▶ **Data for the task**:
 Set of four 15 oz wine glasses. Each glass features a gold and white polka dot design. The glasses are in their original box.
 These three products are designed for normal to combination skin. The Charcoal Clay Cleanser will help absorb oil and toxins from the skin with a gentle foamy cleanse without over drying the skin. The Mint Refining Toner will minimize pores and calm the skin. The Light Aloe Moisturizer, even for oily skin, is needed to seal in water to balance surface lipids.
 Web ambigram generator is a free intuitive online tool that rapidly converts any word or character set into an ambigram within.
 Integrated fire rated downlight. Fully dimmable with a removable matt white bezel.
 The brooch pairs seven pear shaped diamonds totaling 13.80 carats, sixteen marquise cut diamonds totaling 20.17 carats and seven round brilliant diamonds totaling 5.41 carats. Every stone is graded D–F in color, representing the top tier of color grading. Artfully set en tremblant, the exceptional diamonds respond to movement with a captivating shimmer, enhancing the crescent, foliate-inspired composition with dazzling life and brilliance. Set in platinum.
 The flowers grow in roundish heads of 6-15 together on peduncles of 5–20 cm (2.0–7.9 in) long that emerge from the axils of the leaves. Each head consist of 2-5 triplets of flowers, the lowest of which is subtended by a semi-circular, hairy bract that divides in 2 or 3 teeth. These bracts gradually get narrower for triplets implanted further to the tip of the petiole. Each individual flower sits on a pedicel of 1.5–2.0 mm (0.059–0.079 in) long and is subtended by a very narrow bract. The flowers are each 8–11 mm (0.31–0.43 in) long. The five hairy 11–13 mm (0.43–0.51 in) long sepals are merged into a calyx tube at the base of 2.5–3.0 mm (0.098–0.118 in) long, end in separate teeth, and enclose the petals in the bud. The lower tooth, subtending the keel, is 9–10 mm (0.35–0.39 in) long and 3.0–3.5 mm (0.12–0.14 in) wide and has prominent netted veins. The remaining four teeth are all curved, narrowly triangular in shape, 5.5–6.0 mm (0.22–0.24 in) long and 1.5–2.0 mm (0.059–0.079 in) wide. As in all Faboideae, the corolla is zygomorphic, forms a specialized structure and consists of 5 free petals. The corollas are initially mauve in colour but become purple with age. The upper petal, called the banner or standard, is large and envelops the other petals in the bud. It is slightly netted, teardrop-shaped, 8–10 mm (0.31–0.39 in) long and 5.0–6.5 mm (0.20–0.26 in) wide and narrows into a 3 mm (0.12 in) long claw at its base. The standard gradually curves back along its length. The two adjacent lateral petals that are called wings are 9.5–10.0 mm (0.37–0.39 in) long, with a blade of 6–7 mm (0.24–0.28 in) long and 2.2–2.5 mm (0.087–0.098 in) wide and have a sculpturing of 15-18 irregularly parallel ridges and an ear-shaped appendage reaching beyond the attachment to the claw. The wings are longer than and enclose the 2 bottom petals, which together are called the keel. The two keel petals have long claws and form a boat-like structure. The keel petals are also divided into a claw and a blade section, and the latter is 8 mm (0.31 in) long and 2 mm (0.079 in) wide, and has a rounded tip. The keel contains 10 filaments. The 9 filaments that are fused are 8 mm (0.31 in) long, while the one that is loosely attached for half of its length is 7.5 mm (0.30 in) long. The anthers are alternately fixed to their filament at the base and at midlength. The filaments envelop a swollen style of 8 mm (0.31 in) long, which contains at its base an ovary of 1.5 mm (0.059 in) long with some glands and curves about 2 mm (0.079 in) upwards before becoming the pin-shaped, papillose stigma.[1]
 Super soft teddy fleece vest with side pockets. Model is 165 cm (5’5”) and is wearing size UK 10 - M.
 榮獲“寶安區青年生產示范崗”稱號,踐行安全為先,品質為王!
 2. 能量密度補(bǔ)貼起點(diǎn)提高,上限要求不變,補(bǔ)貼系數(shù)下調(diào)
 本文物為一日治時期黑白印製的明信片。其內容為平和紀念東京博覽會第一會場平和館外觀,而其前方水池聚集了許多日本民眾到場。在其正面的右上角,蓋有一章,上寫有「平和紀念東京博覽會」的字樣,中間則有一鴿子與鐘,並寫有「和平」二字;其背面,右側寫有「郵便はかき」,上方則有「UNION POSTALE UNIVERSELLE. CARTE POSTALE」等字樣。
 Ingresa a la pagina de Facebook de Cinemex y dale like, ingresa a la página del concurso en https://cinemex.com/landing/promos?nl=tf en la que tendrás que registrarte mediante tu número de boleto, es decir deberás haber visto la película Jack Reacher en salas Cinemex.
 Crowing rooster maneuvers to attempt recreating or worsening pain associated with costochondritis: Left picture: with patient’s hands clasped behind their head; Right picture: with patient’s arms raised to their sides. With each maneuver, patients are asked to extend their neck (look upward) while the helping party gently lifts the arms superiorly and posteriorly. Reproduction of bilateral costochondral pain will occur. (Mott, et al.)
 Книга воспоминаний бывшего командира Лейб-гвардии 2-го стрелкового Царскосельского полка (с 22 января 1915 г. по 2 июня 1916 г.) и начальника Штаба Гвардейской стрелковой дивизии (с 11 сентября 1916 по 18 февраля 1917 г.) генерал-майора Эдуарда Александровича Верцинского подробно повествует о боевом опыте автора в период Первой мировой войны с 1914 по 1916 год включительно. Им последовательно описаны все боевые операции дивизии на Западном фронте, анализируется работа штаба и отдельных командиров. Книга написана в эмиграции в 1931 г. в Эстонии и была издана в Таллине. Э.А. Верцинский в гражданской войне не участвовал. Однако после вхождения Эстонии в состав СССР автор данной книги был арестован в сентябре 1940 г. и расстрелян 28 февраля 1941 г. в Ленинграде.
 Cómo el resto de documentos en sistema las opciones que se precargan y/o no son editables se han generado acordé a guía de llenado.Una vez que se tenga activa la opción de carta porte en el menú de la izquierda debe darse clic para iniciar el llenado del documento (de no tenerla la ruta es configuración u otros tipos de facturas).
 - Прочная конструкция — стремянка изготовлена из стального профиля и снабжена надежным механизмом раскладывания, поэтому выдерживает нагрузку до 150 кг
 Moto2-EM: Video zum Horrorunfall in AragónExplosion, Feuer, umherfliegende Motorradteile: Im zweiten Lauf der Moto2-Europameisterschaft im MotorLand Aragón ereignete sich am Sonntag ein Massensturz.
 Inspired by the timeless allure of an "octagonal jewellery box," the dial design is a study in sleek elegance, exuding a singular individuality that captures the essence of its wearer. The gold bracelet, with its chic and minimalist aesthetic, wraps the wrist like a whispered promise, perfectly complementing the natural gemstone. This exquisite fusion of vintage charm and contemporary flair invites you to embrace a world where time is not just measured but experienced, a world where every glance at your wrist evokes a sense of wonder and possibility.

▶ **Your task**: Restate verbatim the first line above and all lines after it through the line containing "These three products"; omit the rest.

▶ **Task solution**:
 Set of four 15 oz wine glasses. Each glass features a gold and white polka dot design. The glasses are in their original box.
 These three products are designed for normal to combination skin. The Charcoal Clay Cleanser will help absorb oil and toxins from the skin with a gentle foamy cleanse without over drying the skin. The Mint Refining Toner will minimize pores and calm the skin. The Light Aloe Moisturizer, even for oily skin, is needed to seal in water to balance surface lipids.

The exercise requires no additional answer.